Asm.js: The JavaScript Compile Target

  • Where everyone seems to be focused on performance, it strikes me that performance is just the flip side of efficiency, and that asm.js might be a great way to stretch battery life on mobile. Will asm.js web pages run with less power than traditional JS? Also I suspect this can help with the sluggish performance of mobile browsers in general.

  • This is the first I've heard of Portable Native Client (PNaCl), which sounds very interesting.

    I think ASM is a great idea for "hacking", but the thing that doesn't make a lot of sense to me, is that you're usually only going to bother compiling to ASM for things which need the performance.

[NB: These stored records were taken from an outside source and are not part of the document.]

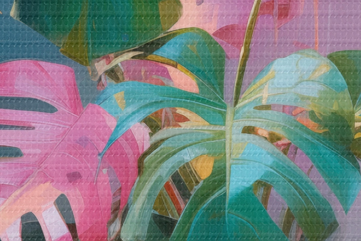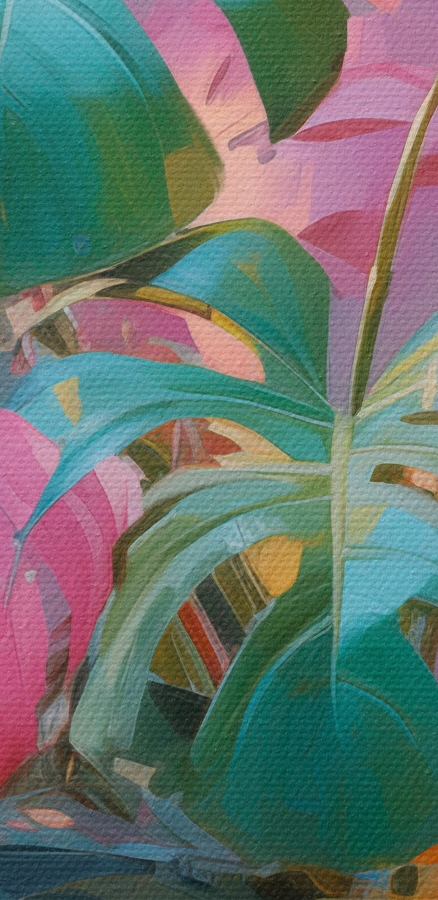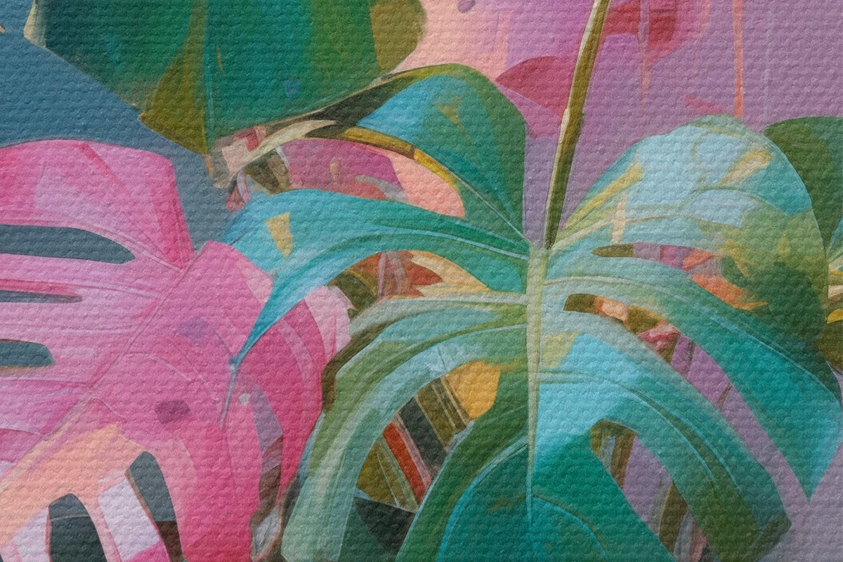 Immagine Pianta astratta di monstera con foglie rosa e verdi, colori vivaci, su sfondo sfocato Nr r46287
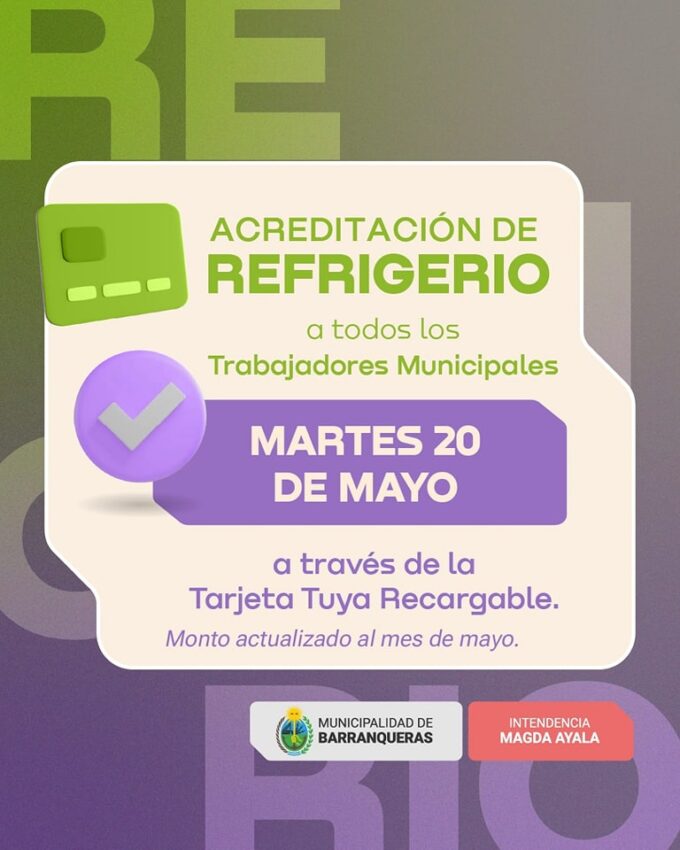 La Municipalidad de Barranqueras informa a todo el personal municipal que el próximo martes 20 de mayo se realizará la acreditación del concepto de refrigerio, correspondiente al mes en curso.
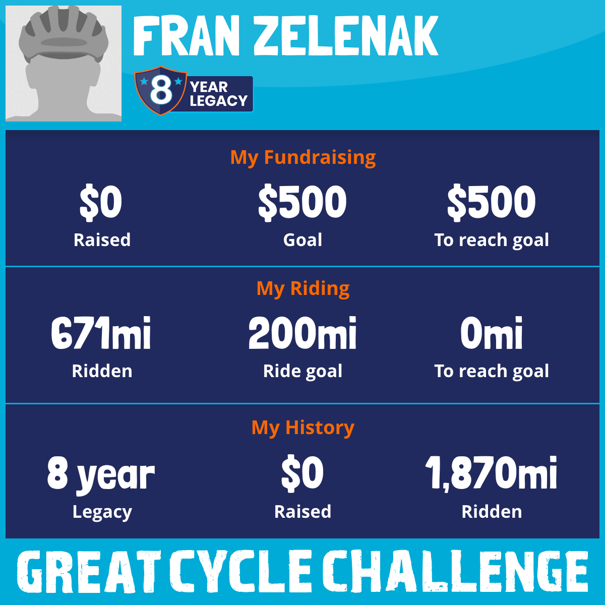 I am riding 200 mi to fight kids' cancer and save little lives. Please sponsor me to support my challenge!

The idea that they'll "still work" in non-optimized browsers doesn't seem too convincing -- games would probably be unplayable, and you'd see messages saying "This game only supports Firefox" etc.

    And I don't see there being that many things written in C, etc., that one would want to port to the web, that aren't particularly processor-intensive.

    Presumably PNaCl would be close to native code speed, a big improvement over ASM. And it seems like what's needed is cross-platform fast execution -- not backwards compatibility with JavaScript that will still run, but run much more slowly.

    But nevertheless, it's super-interesting watching what's going on with ASM.

  • This post is fundamental to understand the ins and outs of Asm.js this was really helpful. It deserves its summary to make it even more understandable! http://tldr.io/tldrs/515c59e49ac882db1600010b/asm-js-the-jav...

    Asm.js's support should make sense for Chrome OS no?

  • Unimpressed by the "Unreal" demo. Just a simple scene flyover, no dynamic lights or scenario, characters, particle effects etc. etc. I bet one can put together a demo of similar quality with vanilla JS and WebGL.

  • John Resig's blog posts never fail to impress.

    The bit comparing Asm.js to Google's Native Client is interesting.

  • I think it's really great of a man who has some very high stakes in traditional Javascript to be so open to Asm.js; I fully expected to read some passive-aggressive dismissal.

  • Does anyone know how hard it would be to port an h264 decoder to asm.js? If it worked, it could be used to shim h264 support into Firefox.

  • In theory, would it be possible to take an ActiveX or NPAPI plugin and compile it down to asm.js-compatible javascript?

  • As a node developer, I'm curious to know what if anything asm.js can do for node? Maybe I'm misunderstanding something, but wouldn't asm.js allow basically all of node's core to be written in JavaScript itself, rather than in C/++? I think that would be a tremendous advantage, but maybe I'm missing part of the picture...

  • I'm surprised the list of Emscripten projects does not contain a linear algebra library. Is that because all the common matrix transforms can already be offloaded to native browser APIs?

    https://github.com/kripken/emscripten/wiki

  • Why are C/C++ so much faster than JIT'ed Javascript? Can't a subset of Javascript be converted to ASM.js JS that'll run around the same speed? loops, arrays, conditional statements, etc. Why does Javascript have to be so much slower?

  • Here's how to think of it. Right now, JavaScript is the best compiler target on the web. It's far from perfect, but it works. Asm.js makes it a better compiler target.

  • Wow, Mozilla is making a really big marketing push for asm.js.